Your assignment -
Quote the data exactly, first line to the line containing "男性向けラノベタイトル風あだ名 | 『魔弾の王とまちこらお』 |", with no pictures.

Records supplied -
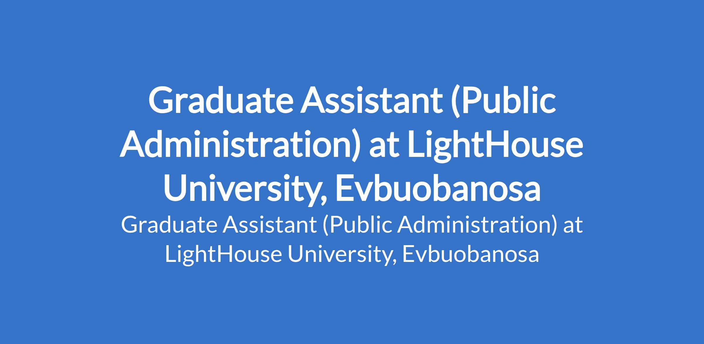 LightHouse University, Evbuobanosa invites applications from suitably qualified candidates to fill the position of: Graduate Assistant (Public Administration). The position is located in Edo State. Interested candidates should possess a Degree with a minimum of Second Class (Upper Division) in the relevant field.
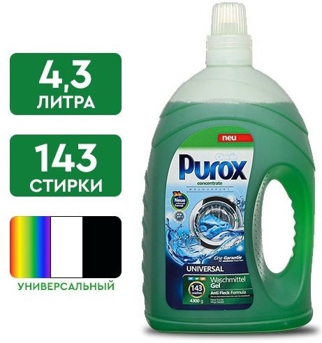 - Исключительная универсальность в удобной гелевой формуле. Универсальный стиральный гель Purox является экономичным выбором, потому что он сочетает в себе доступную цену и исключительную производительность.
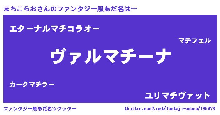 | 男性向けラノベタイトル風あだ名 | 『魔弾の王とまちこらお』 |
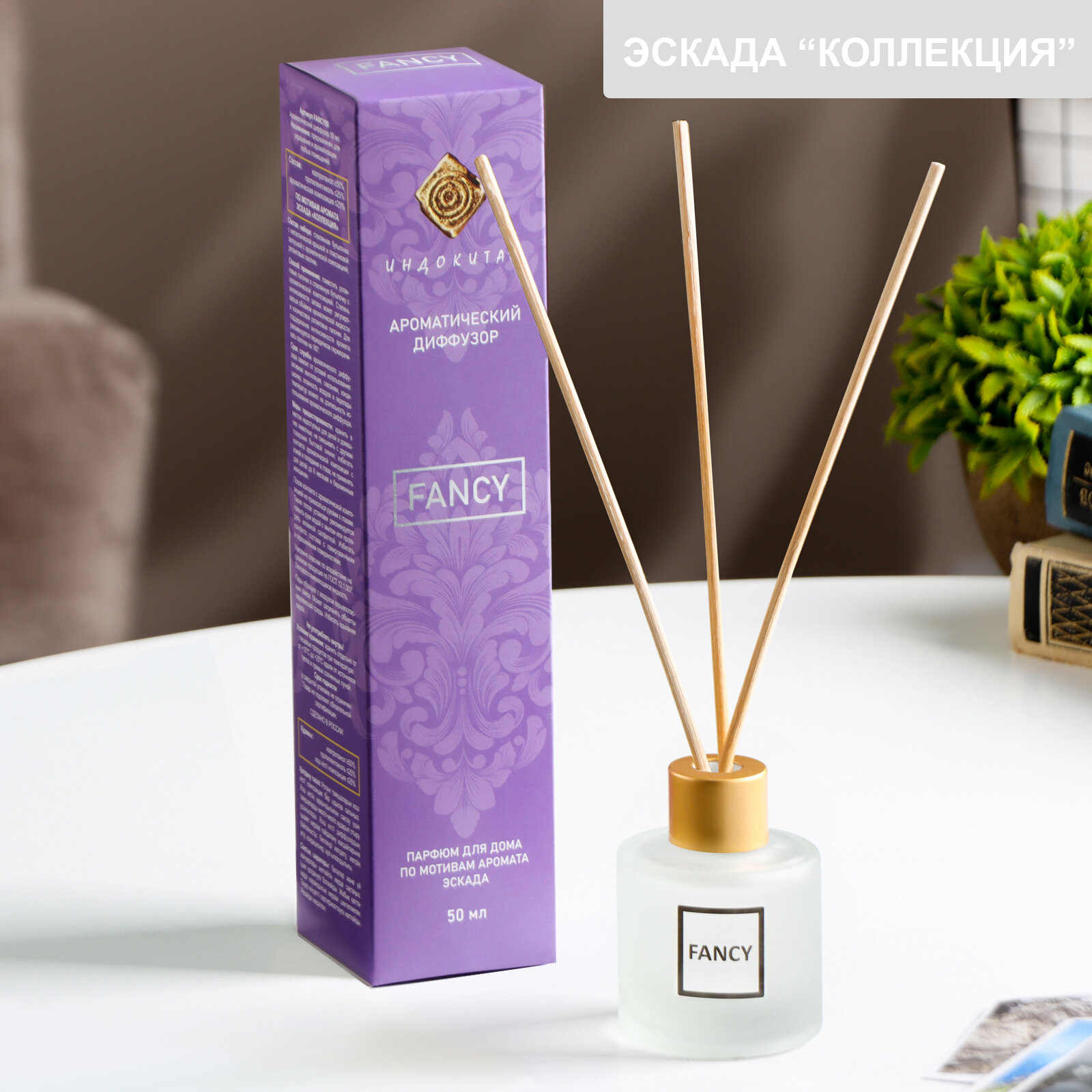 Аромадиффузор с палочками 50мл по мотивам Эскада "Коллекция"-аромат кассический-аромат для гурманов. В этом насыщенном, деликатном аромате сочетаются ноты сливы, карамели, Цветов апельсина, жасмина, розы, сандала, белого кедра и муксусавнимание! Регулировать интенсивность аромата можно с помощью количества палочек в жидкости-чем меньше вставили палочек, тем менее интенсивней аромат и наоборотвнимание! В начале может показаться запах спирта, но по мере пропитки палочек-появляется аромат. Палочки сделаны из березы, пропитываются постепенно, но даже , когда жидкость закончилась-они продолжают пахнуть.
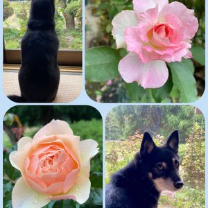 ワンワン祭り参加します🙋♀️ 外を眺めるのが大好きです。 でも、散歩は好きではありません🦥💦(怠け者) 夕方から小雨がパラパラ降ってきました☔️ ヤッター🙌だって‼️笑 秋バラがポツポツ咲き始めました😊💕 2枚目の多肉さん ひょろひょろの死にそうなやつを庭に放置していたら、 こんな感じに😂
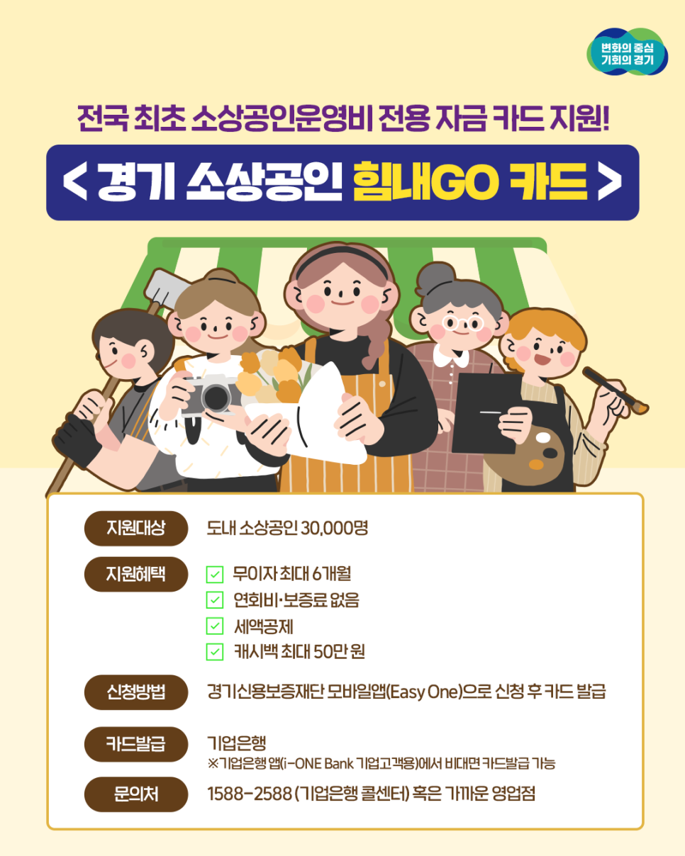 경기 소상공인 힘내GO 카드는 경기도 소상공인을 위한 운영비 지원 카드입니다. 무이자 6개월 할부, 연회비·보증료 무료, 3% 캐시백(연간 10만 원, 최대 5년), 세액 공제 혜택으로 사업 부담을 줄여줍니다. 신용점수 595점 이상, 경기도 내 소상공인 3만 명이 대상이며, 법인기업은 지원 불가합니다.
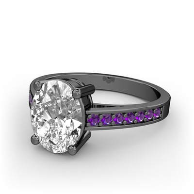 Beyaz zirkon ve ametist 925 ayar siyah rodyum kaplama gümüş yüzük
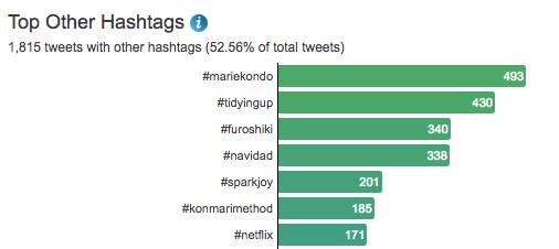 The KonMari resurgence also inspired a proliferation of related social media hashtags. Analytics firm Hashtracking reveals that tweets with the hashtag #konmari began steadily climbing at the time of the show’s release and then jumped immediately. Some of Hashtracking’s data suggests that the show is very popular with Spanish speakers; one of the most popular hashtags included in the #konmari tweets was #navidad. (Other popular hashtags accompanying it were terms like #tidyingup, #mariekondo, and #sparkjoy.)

Task response -
 LightHouse University, Evbuobanosa invites applications from suitably qualified candidates to fill the position of: Graduate Assistant (Public Administration). The position is located in Edo State. Interested candidates should possess a Degree with a minimum of Second Class (Upper Division) in the relevant field.
 - Исключительная универсальность в удобной гелевой формуле. Универсальный стиральный гель Purox является экономичным выбором, потому что он сочетает в себе доступную цену и исключительную производительность.
 | 男性向けラノベタイトル風あだ名 | 『魔弾の王とまちこらお』 |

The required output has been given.